▶ **WORK TASK**
An exact repetition of the data below, without images, is the expected answer.

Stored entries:
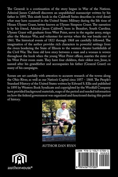 The General: is a continuation of the story begun in War of the Nations. Admiral James Caldwell discovers an unpublished manuscript written by his father in 1895. This ninth book in the Caldwell Series describes in vivid detail what may have occurred in the United States Military during the life time of Hiram Ulysses Grant, better known as Ulysses Simpson Grant. The narration is by his friend, Admiral Jason Caldwell, born in Beaufort, South Carolina. Ulysses Grant will graduate from West Point, serve in the regular army, resign after the Mexican War, and volunteer for service when the war breaks out in 1861. The historical events of 1822 through 1868 are carefully followed. The imagination of the author provides rich characters in powerful settings from the rivers bordering the State of Illinois to the western theater battlefields of the Civil War. The time old love story between a man and a woman is woven throughout the book when the young West Point officer, marries the sister of his West Point room mate. They have four children, their oldest son, Jesse, is named after his grandfather and accompanies his father (General Grant) on many of his campaigns. Scenes are set carefully with attention to accurate research of the towns along the Ohio River, as well as our Nation's Capital circa 1857 - 1868. The People's Standard History of the United States written by Edward S. Ellis and published in 1895 by Western Book Syndicate and copyrighted by the Woolfall Company have provided background materials, maps of the period and needed information on how the federal government was organized and functioned during this period of history.
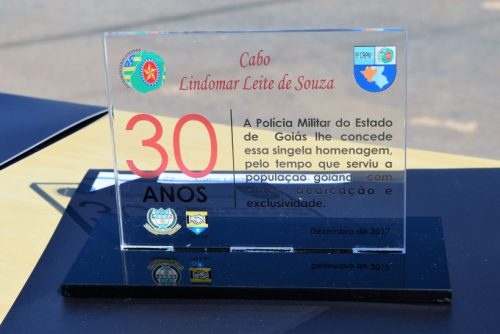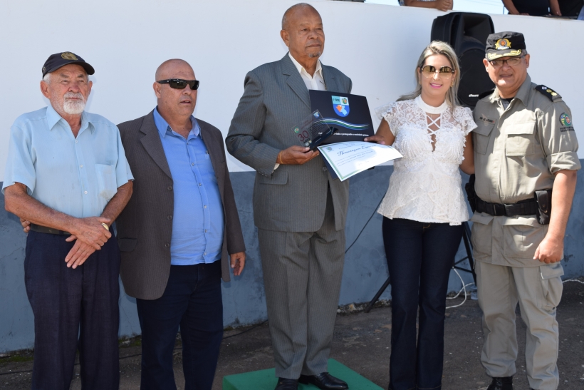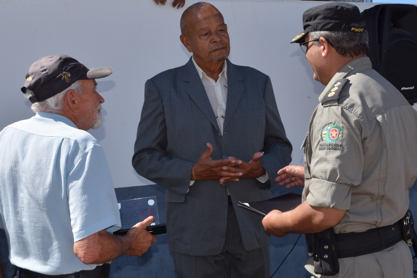 Dessa vez o Sargento José Pessoa de Melo, 83 anos, conhecido por Sargento Gabiroba e reformado desde 1984, pode entregar a homenagem a outro decano da PM na região do entorno: o Sargento Julião. Este ficou muito feliz em receber das mãos de seu contemporâneo o diploma de reconhecimento pelos serviços prestados à sociedade goiana.
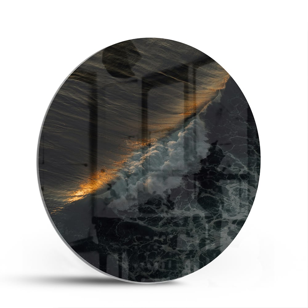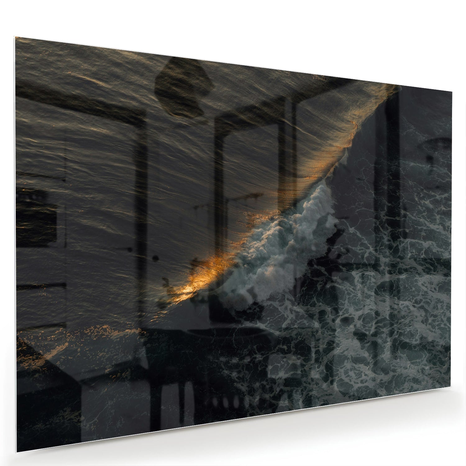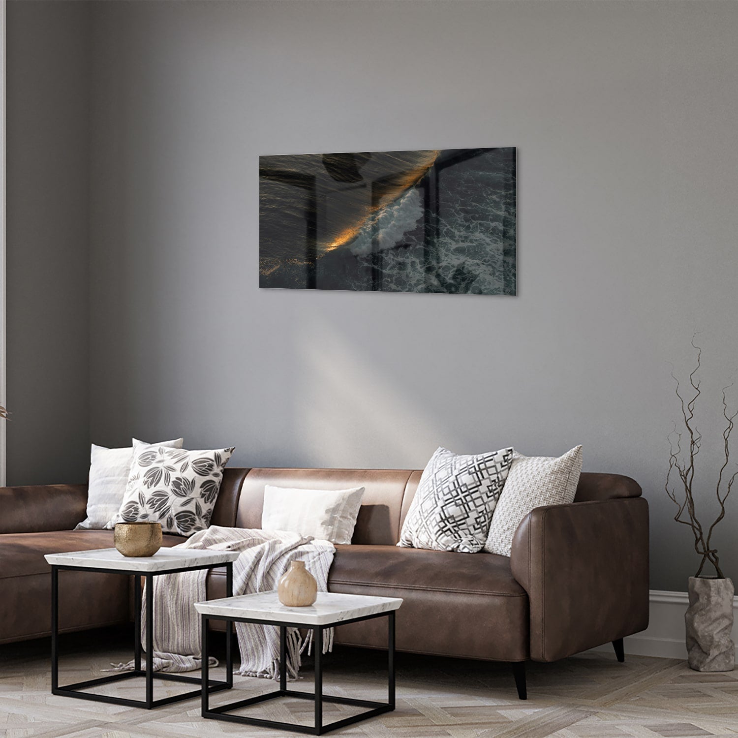 Zwarte Glazen Schilderij met Zeegezicht en Goudaccenten
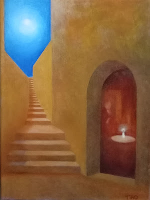 The overall composition resembles a labyrinth built of metaphors. Perspective and space are not just visual techniques—they are ontological structures: each stair, each door, each patch of light and shadow tells how life moves step by step from the ordinary present toward transcendence. It brings to mind Giorgio de Chirico’s metaphysical paintings, where architecture and space detach from reality and become stages of thought and anticipation. That arched doorway, for instance, is a threshold—both entrance and exit, boundary and passage. It forces us to consider: where is the true "inside"? And have we already crossed into it?
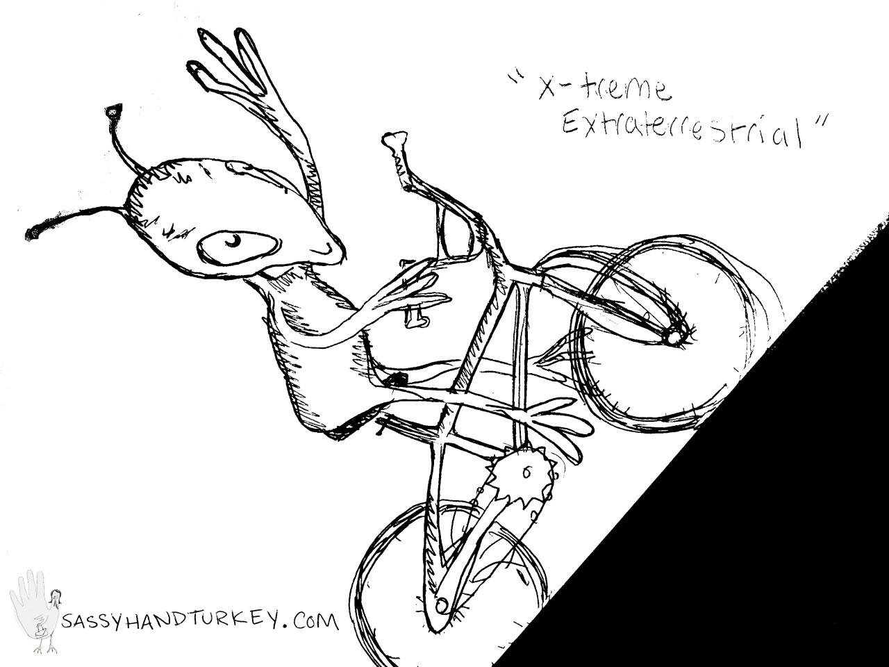 Extreme Extraterrestrial Date: June 19, 2012Author: alexandriaska Category: Monsters, Transportation Tags: alien, bmx, cartoon, doodle, drawing, extraterrestrial, extreme sports, humor Post navigation ← Zombie Kitty Loves Bath Salts Anchor Man → Share this: Share on Facebook (Opens in new window) Facebook Share on Pinterest (Opens in new window) Pinterest Share on Tumblr (Opens in new window) Tumblr Share on X (Opens in new window) X Like Loading... Related

▶ **RESULT FOR THIS EXERCISE**
 The General: is a continuation of the story begun in War of the Nations. Admiral James Caldwell discovers an unpublished manuscript written by his father in 1895. This ninth book in the Caldwell Series describes in vivid detail what may have occurred in the United States Military during the life time of Hiram Ulysses Grant, better known as Ulysses Simpson Grant. The narration is by his friend, Admiral Jason Caldwell, born in Beaufort, South Carolina. Ulysses Grant will graduate from West Point, serve in the regular army, resign after the Mexican War, and volunteer for service when the war breaks out in 1861. The historical events of 1822 through 1868 are carefully followed. The imagination of the author provides rich characters in powerful settings from the rivers bordering the State of Illinois to the western theater battlefields of the Civil War. The time old love story between a man and a woman is woven throughout the book when the young West Point officer, marries the sister of his West Point room mate. They have four children, their oldest son, Jesse, is named after his grandfather and accompanies his father (General Grant) on many of his campaigns. Scenes are set carefully with attention to accurate research of the towns along the Ohio River, as well as our Nation's Capital circa 1857 - 1868. The People's Standard History of the United States written by Edward S. Ellis and published in 1895 by Western Book Syndicate and copyrighted by the Woolfall Company have provided background materials, maps of the period and needed information on how the federal government was organized and functioned during this period of history.
 Dessa vez o Sargento José Pessoa de Melo, 83 anos, conhecido por Sargento Gabiroba e reformado desde 1984, pode entregar a homenagem a outro decano da PM na região do entorno: o Sargento Julião. Este ficou muito feliz em receber das mãos de seu contemporâneo o diploma de reconhecimento pelos serviços prestados à sociedade goiana.
 Zwarte Glazen Schilderij met Zeegezicht en Goudaccenten
 The overall composition resembles a labyrinth built of metaphors. Perspective and space are not just visual techniques—they are ontological structures: each stair, each door, each patch of light and shadow tells how life moves step by step from the ordinary present toward transcendence. It brings to mind Giorgio de Chirico’s metaphysical paintings, where architecture and space detach from reality and become stages of thought and anticipation. That arched doorway, for instance, is a threshold—both entrance and exit, boundary and passage. It forces us to consider: where is the true "inside"? And have we already crossed into it?
 Extreme Extraterrestrial Date: June 19, 2012Author: alexandriaska Category: Monsters, Transportation Tags: alien, bmx, cartoon, doodle, drawing, extraterrestrial, extreme sports, humor Post navigation ← Zombie Kitty Loves Bath Salts Anchor Man → Share this: Share on Facebook (Opens in new window) Facebook Share on Pinterest (Opens in new window) Pinterest Share on Tumblr (Opens in new window) Tumblr Share on X (Opens in new window) X Like Loading... Related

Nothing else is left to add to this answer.